=== Data provided ===
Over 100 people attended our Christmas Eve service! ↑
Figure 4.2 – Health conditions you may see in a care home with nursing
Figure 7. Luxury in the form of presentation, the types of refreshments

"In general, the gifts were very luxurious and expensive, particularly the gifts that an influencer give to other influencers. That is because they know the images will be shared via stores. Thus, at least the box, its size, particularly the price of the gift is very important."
===
=== Data provided ===
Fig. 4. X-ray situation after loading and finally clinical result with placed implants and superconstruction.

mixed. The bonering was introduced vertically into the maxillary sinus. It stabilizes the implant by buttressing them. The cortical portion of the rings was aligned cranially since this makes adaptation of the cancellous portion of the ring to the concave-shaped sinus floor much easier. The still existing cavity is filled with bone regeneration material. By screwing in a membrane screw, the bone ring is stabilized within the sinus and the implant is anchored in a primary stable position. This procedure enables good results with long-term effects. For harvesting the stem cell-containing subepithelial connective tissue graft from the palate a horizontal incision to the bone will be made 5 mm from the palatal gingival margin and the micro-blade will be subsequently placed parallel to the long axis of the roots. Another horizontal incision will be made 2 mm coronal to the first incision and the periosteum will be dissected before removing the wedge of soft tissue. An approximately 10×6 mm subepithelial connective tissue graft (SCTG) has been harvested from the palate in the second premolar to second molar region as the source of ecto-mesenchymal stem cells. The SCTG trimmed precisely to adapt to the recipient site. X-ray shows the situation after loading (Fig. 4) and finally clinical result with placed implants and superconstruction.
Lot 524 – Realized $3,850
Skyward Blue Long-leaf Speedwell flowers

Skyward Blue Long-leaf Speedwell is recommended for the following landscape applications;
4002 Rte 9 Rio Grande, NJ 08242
===
Out of the listing above, reproduce exactly the lines from the one with "Figure 4.2 –" up to and including the one with "Figure 7. Luxury".

### Output
Figure 4.2 – Health conditions you may see in a care home with nursing
Figure 7. Luxury in the form of presentation, the types of refreshments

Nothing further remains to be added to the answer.